Re: [RFC 11/14] x86: add support for Dynamic Kernel Stacks

From: Nadav Amit
Date: Mon Mar 11 2024 - 19:56:40 EST




> On 12 Mar 2024, at 1:41, Andy Lutomirski <luto@xxxxxxxxxx> wrote:
>
> On Mon, Mar 11, 2024, at 4:34 PM, Dave Hansen wrote:
>> On 3/11/24 15:17, Andy Lutomirski wrote:
>>> I *think* that all x86 implementations won't fill the TLB for a
>>> non-accessed page without also setting the accessed bit,
>>
>> That's my understanding as well. The SDM is a little more obtuse about it:
>>
>>> Whenever the processor uses a paging-structure entry as part of
>>> linear-address translation, it sets the accessed flag in that entry
>>> (if it is not already set).
>>
>> but it's there.
>>
>> But if we start needing Accessed=1 to be accurate, clearing those PTEs
>> gets more expensive because it needs to be atomic to lock out the page
>> walker.
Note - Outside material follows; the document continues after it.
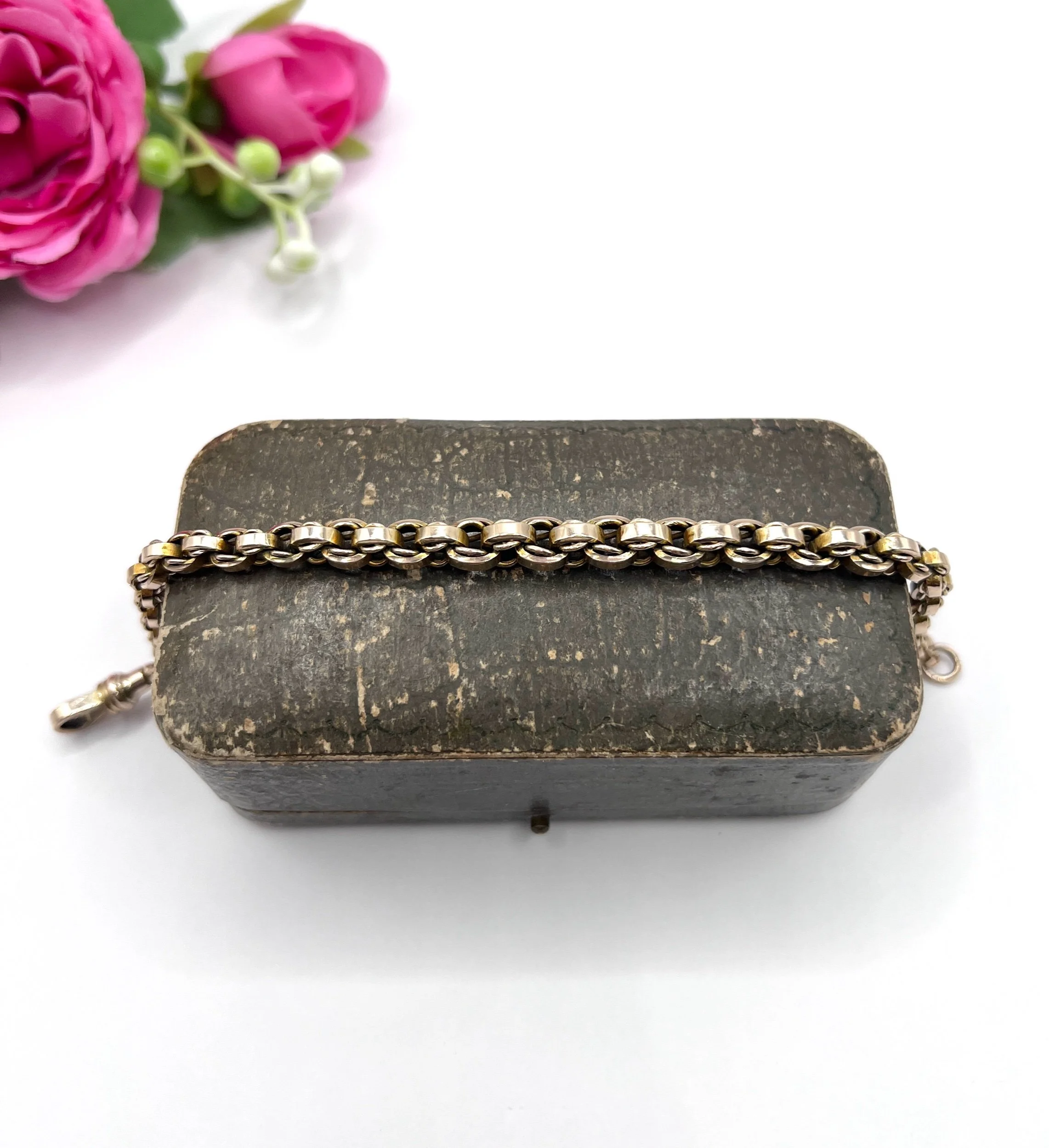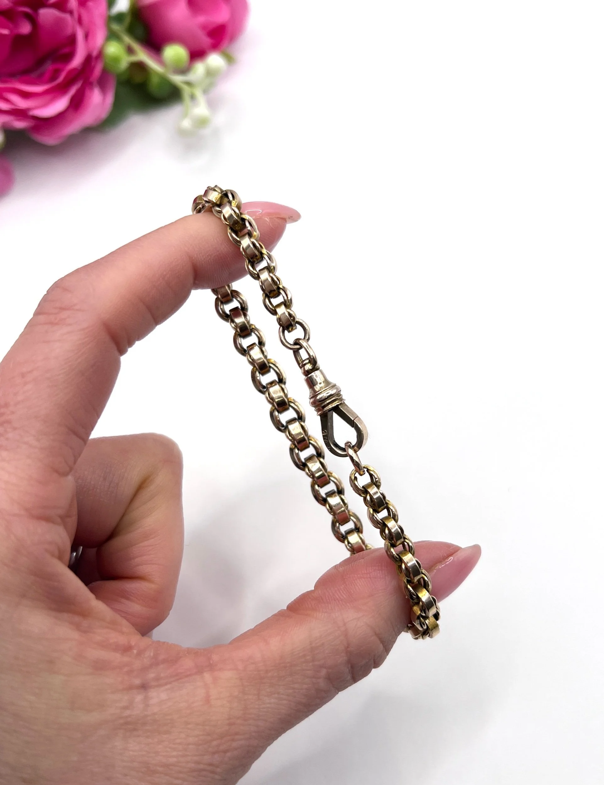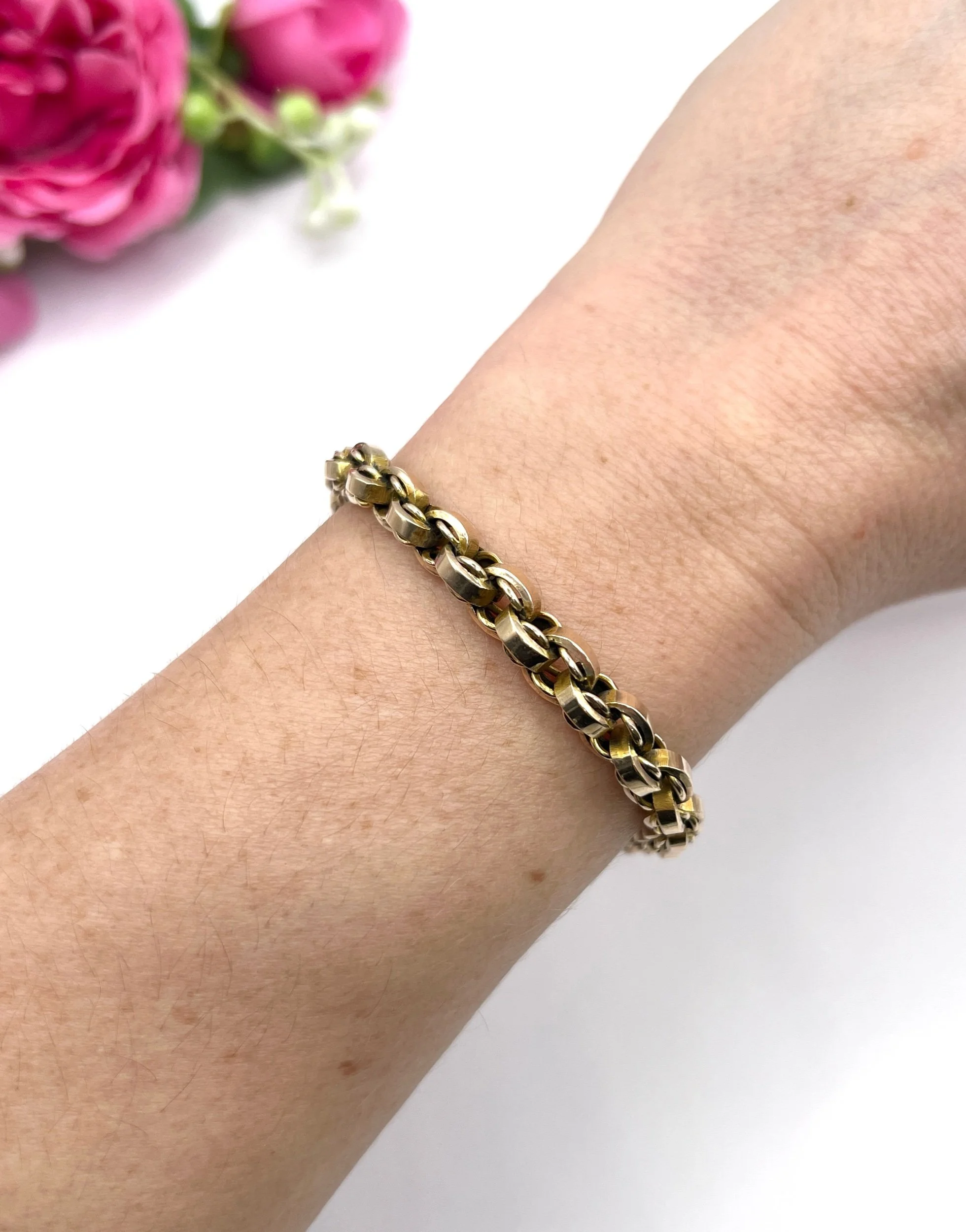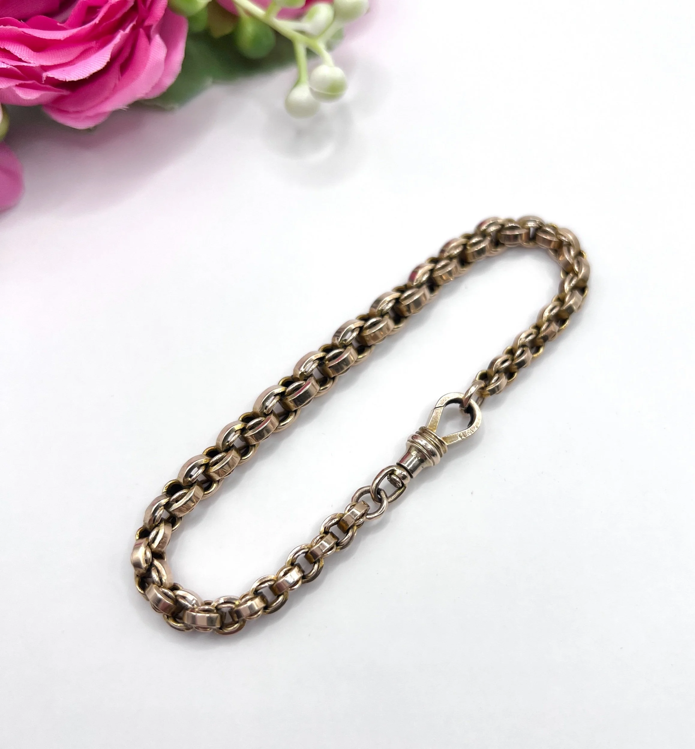 Step back in time with this exquisite Edwardian bracelet, showcasing a stunning fancy rolo-link design. Crafted from luxurious 9ct gold, this piece embodies the elegance of the early 20th century. The graduated links are perfectly interwoven with smaller inner links, creating a captivating visual texture that catches the light beautifully. The bracelet features a reliable swivel clasp for secure wear, ensuring both style and practicality. In our opinion, the colour is a slightly paler rose gold.

It basically needs to start getting treated similarly to what
>> is done for Dirty=1 on userspace PTEs. Not the end of the world, of
>> course, but one more source of overhead.
>
> In my fantasy land where I understand the x86 paging machinery, suppose we're in finish_task_switch(), and suppose prev is Not Horribly Buggy (TM). In particular, suppose that no other CPU is concurrently (non-speculatively!) accessing prev's stack. Prev can't be running, because whatever magic lock prevents it from being migrated hasn't been released yet. (I have no idea what lock this is, but it had darned well better exist so prev isn't migrated before switch_to() even returns.)
>
> So the current CPU is not accessing the memory, and no other CPU is accessing the memory, and BPF doesn't exist, so no one is being utterly daft and a kernel read probe, and perf isn't up to any funny business, etc. And a CPU will never *speculatively* set the accessed bit (I told you it's fantasy land), so we just do it unlocked:
>
> if (!pte->accessed) {
> *pte = 0;
> reuse the memory;
> }
>
> What could possibly go wrong?
>
> I admit this is not the best idea I've ever had, and I will not waste anyone's time by trying very hard to defend it :)
>

Just a thought: you don’t care if someone only reads from the stack's page (you can just install another page later). IOW: you only care if someone writes.

So you can look on the dirty-bit, which is not being set speculatively and save yourself one problem.